[Assigned task]
Exactly and only the lines below from the one containing "3D Models /" down to the one containing "3、挑选彩色宝石的颜色,点击红框区域,为带有翅膀的爱心图案上色并进行装饰吧。" are wanted, both included; please exclude every picture.

[Data listing]
---+---
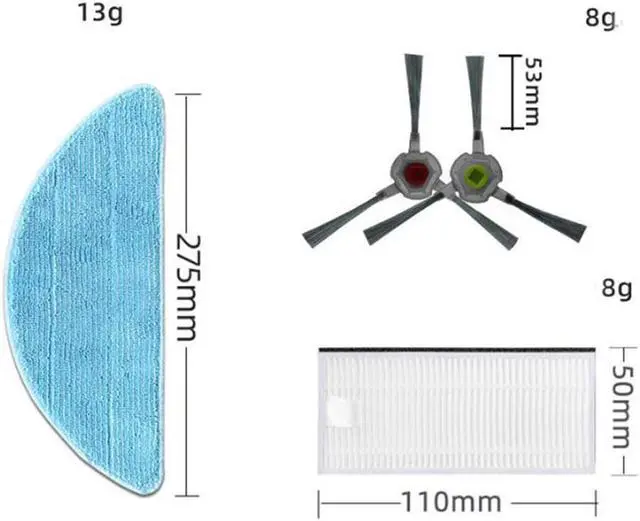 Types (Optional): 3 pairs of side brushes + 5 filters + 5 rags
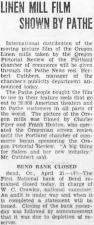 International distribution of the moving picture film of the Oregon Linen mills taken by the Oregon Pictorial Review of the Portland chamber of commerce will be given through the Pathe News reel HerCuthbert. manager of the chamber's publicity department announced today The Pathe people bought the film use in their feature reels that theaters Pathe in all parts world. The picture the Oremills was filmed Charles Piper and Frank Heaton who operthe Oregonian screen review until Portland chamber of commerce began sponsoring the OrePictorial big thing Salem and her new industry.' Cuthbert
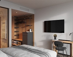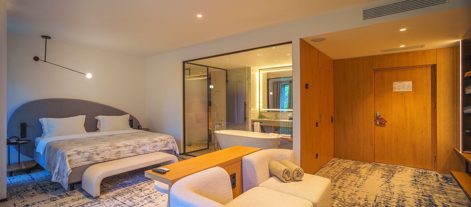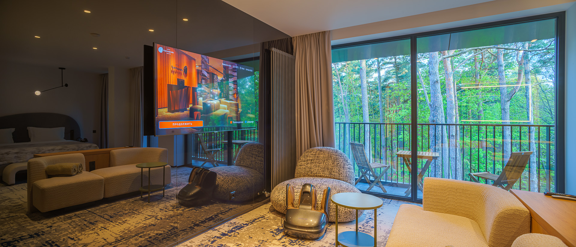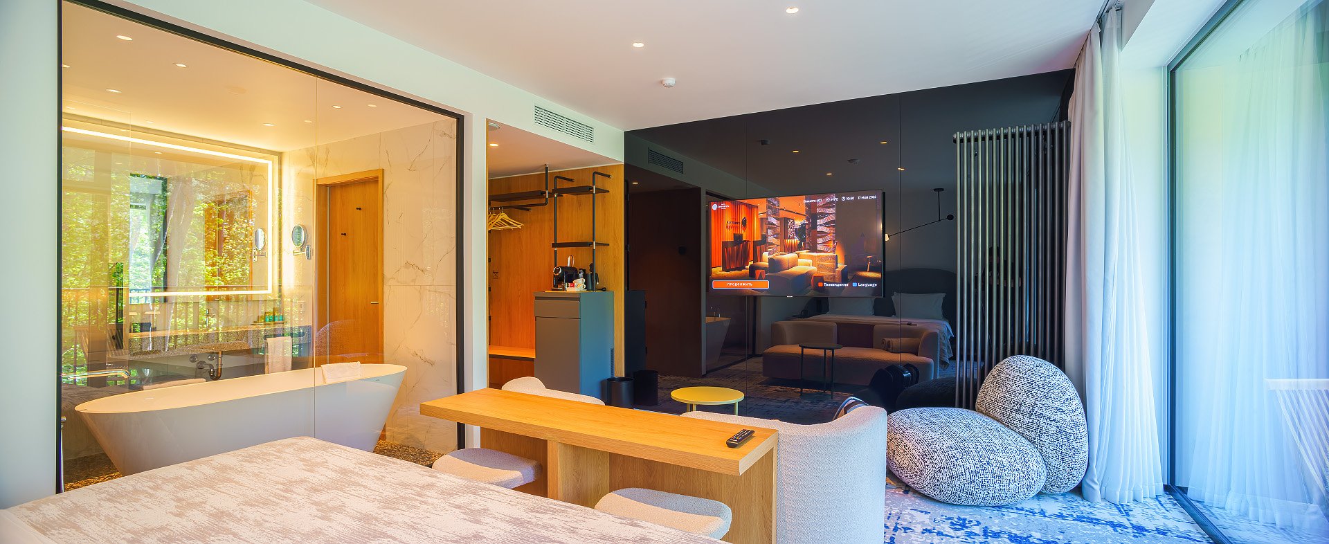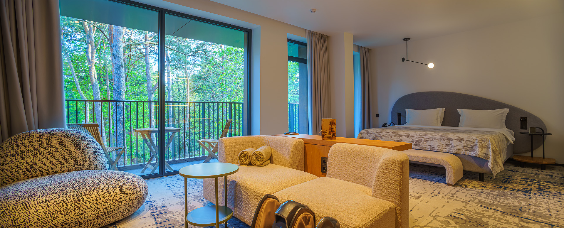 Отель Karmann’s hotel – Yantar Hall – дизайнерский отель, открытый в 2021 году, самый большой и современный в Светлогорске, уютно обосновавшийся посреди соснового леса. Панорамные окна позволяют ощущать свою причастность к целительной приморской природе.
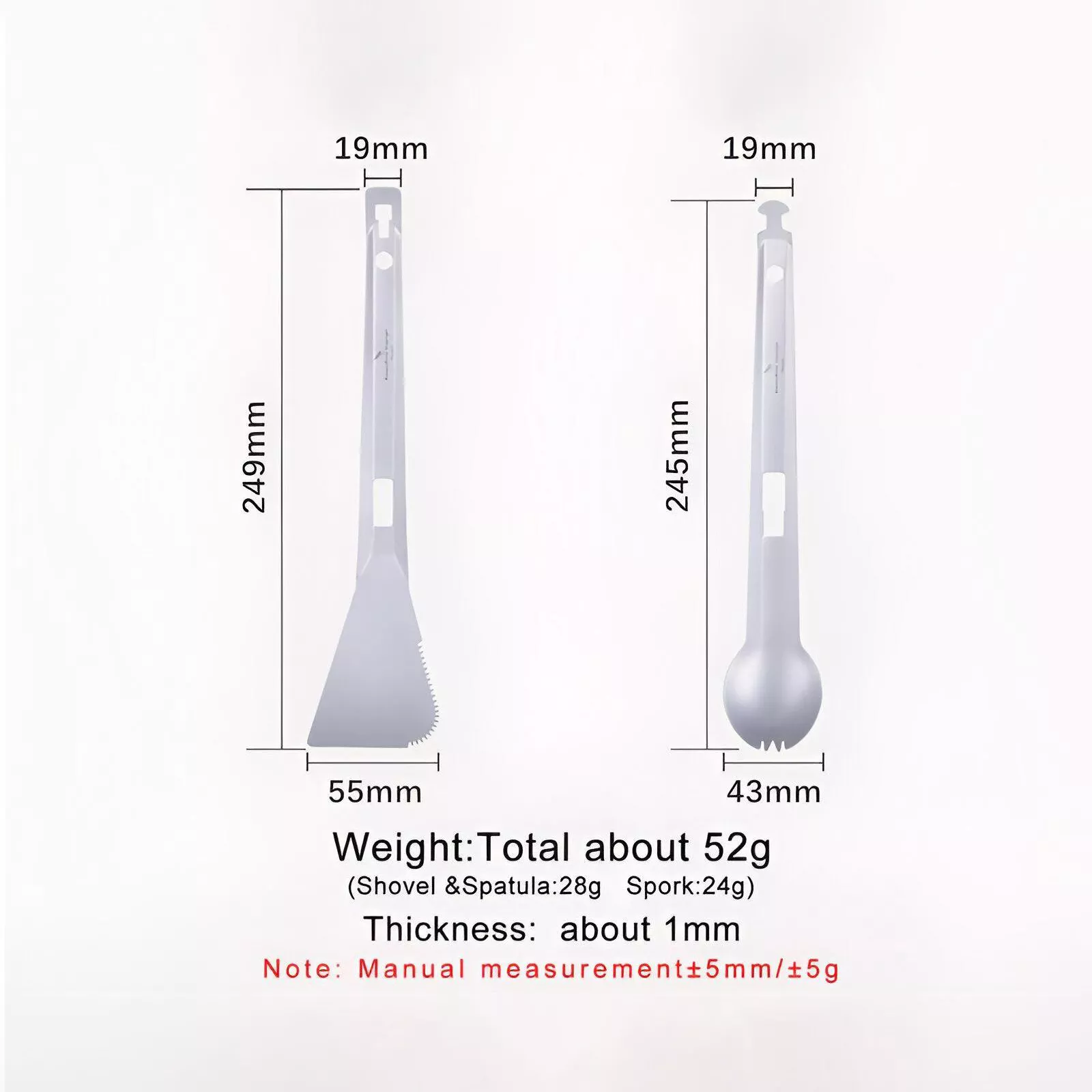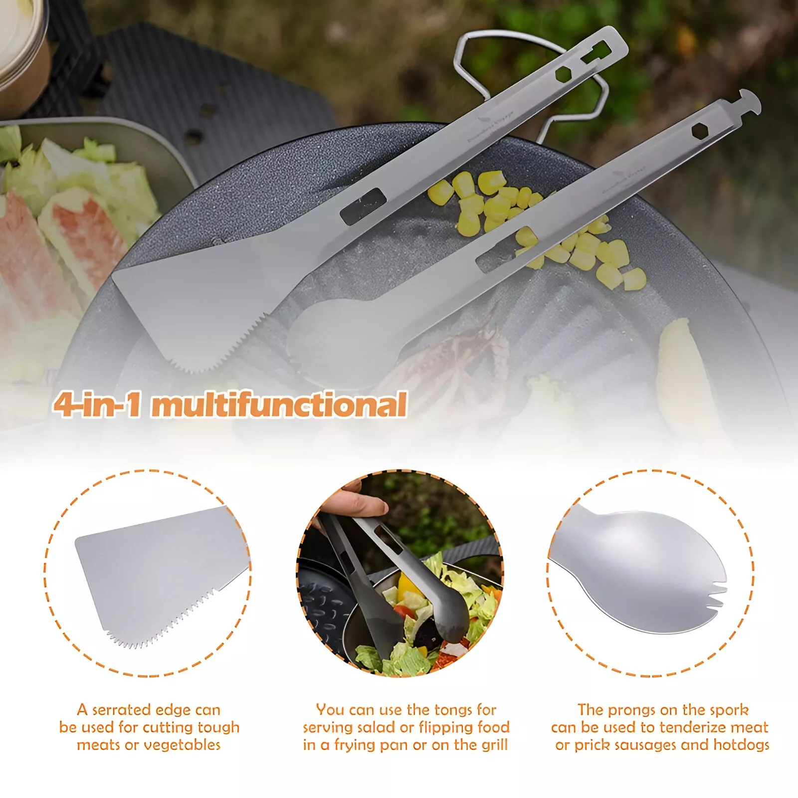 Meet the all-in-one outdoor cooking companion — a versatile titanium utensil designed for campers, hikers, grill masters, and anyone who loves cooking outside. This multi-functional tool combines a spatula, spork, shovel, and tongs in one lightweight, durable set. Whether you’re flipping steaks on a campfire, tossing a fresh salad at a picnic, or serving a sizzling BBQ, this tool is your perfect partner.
---+---
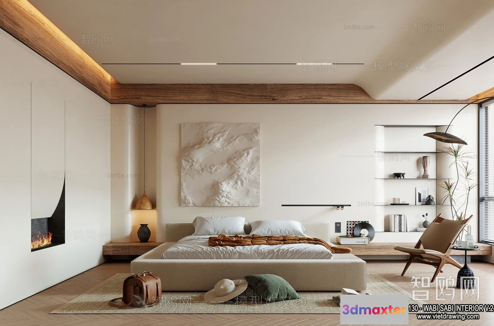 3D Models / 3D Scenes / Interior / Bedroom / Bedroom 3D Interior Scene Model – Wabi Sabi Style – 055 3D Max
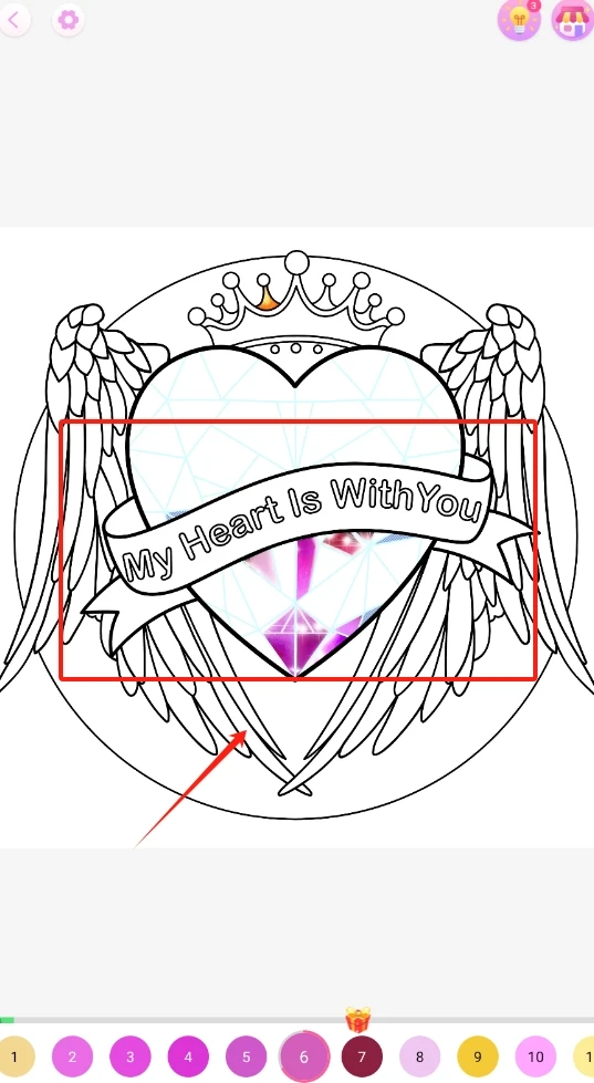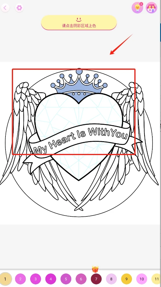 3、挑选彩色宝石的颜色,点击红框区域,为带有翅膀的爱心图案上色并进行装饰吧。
---+---
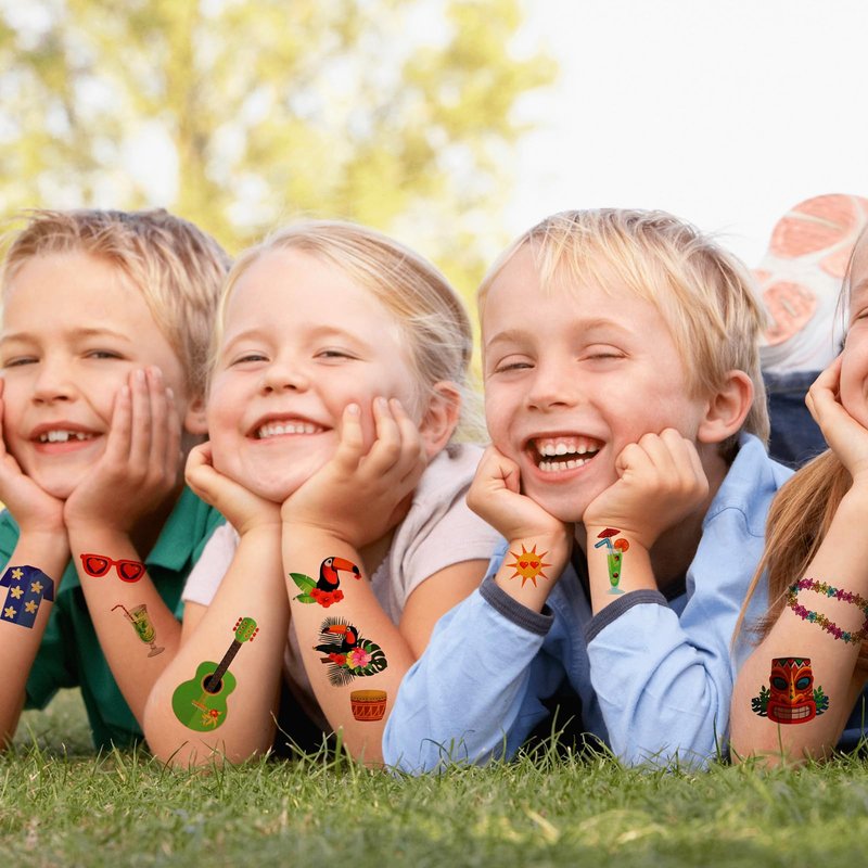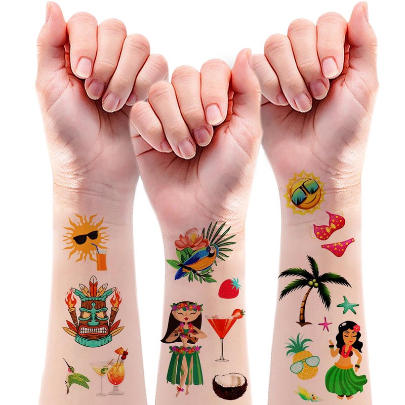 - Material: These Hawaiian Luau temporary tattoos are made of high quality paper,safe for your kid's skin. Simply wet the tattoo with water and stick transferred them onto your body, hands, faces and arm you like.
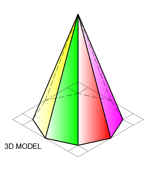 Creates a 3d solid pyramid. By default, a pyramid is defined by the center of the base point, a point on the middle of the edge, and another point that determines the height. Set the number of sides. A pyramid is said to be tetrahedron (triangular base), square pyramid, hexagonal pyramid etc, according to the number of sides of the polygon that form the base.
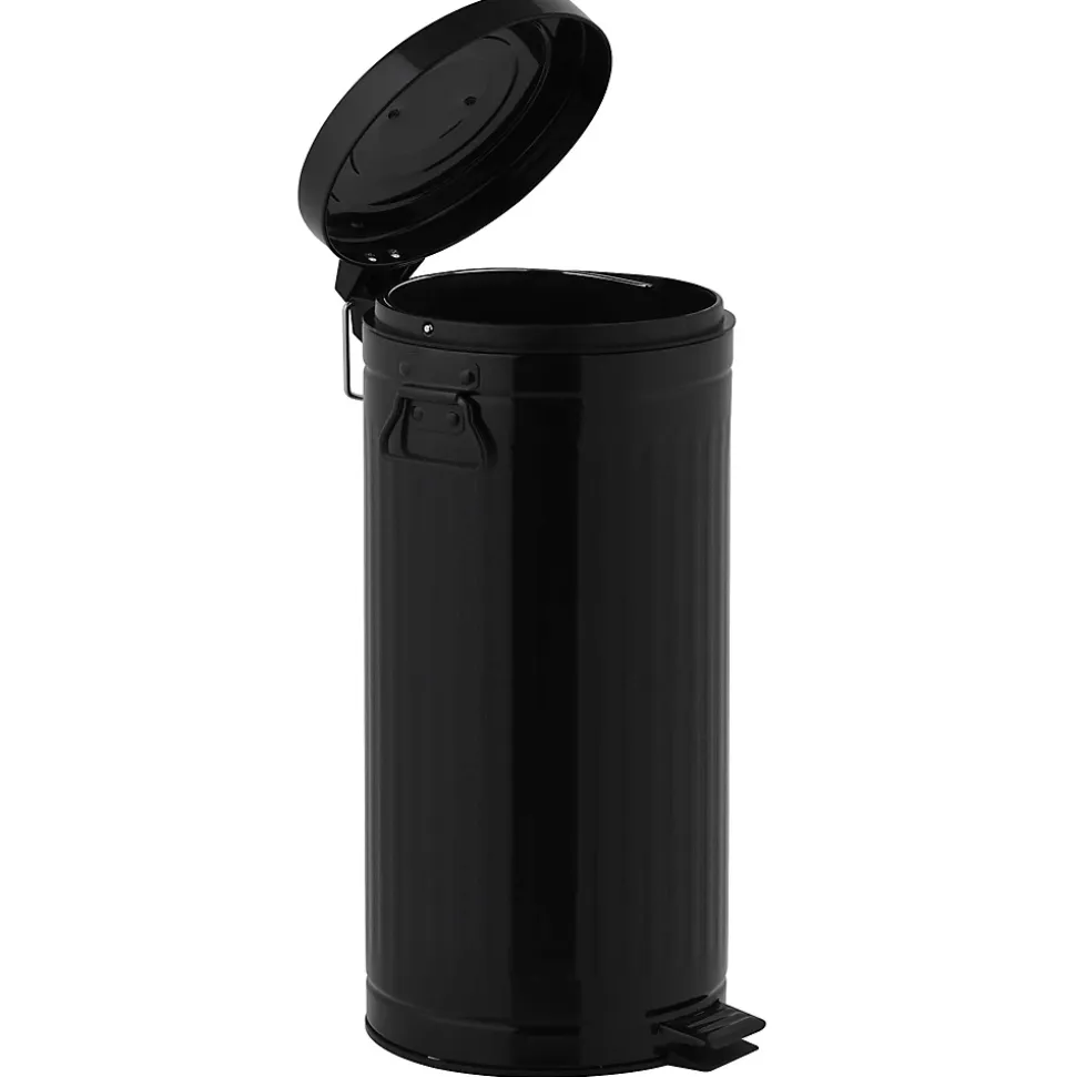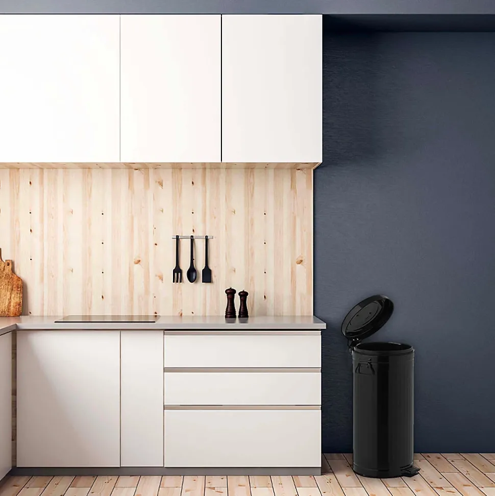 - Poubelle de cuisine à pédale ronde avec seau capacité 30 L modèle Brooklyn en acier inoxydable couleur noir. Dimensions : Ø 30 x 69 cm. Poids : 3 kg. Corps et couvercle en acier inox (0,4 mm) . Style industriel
---+---
[Worked solution]
 3D Models / 3D Scenes / Interior / Bedroom / Bedroom 3D Interior Scene Model – Wabi Sabi Style – 055 3D Max
 3、挑选彩色宝石的颜色,点击红框区域,为带有翅膀的爱心图案上色并进行装饰吧。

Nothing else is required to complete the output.